Codefresh incident

We are experiencing issues with viewing GitOps-related pages in UI

Major Resolved View vendor source →

Codefresh experienced a major incident on November 13, 2023 affecting Codefresh GitOps UI, lasting 6h 49m. The incident has been resolved; the full update timeline is below.

Started
Nov 13, 2023, 01:32 PM UTC
Resolved
Nov 13, 2023, 08:21 PM UTC
Duration
6h 49m
Detected by Pingoru
Nov 13, 2023, 01:32 PM UTC

Affected components

Codefresh GitOps UI

Update timeline

  1. investigating Nov 13, 2023, 01:32 PM UTC

    We are currently investigating this issue.

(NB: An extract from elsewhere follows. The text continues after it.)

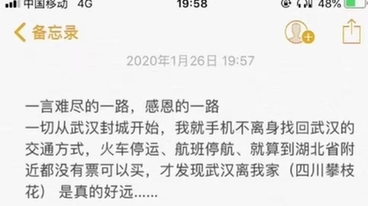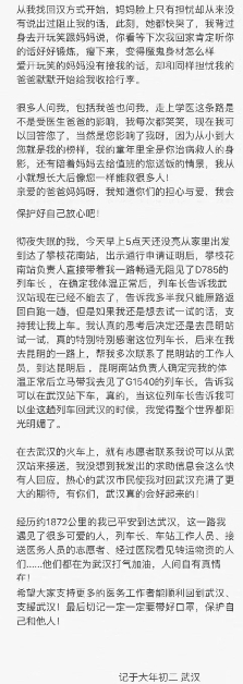 “經歷約1872公里的我已平安到達武漢,這一路我遇見了很多可愛的人,列車長、車站工作人員……他們都在為武漢打氣加油,人間自有真情在!”1月26日,白衣天使郎冰凝在自己的手機里敲出了一段動人的文字,文字的背后是鐵路人傾情護送她奔赴武漢的暖心故事。

  2. investigating Nov 13, 2023, 02:23 PM UTC

    We are continuing to investigate this issue.

  3. identified Nov 13, 2023, 03:48 PM UTC

    The issue has been identified and a fix is being implemented.

  4. monitoring Nov 13, 2023, 05:47 PM UTC

    A fix has been implemented and we are monitoring the results.

  5. identified Nov 13, 2023, 06:04 PM UTC

    We have identified an additional issue and are working on a fix.

  6. monitoring Nov 13, 2023, 06:51 PM UTC

    We have implemented additional fixes to restore UI functionality, and we are monitoring the results.

  7. resolved Nov 13, 2023, 08:21 PM UTC

    This incident has been resolved.

  8. postmortem Nov 20, 2023, 08:01 PM UTC

    We have completed our RCA for this incident, for which the summary is below: **Impact:** We had significant disruption to any UI page that relied on displaying runtime-related information, leading to incomplete or unavailable data for users. **Detection:** This issue was reported to us by customers. **Root Cause:** An unexpected side effect of an API change which caused the event handler to not recognize runtime events as runtimes and instead treat them as generic-entities. When the change was reverted the entries in the generic-entities collection were no longer updated, and an automatic cleaning function then resulted in some UI data queries returning incorrect data. **Resolution:** After resolving the root cause, we rebuilt the required data and reinitialized the runtime information. We have identified improvements to our E2E testing process and monitoring systems as a result of this incident that we will be implementing.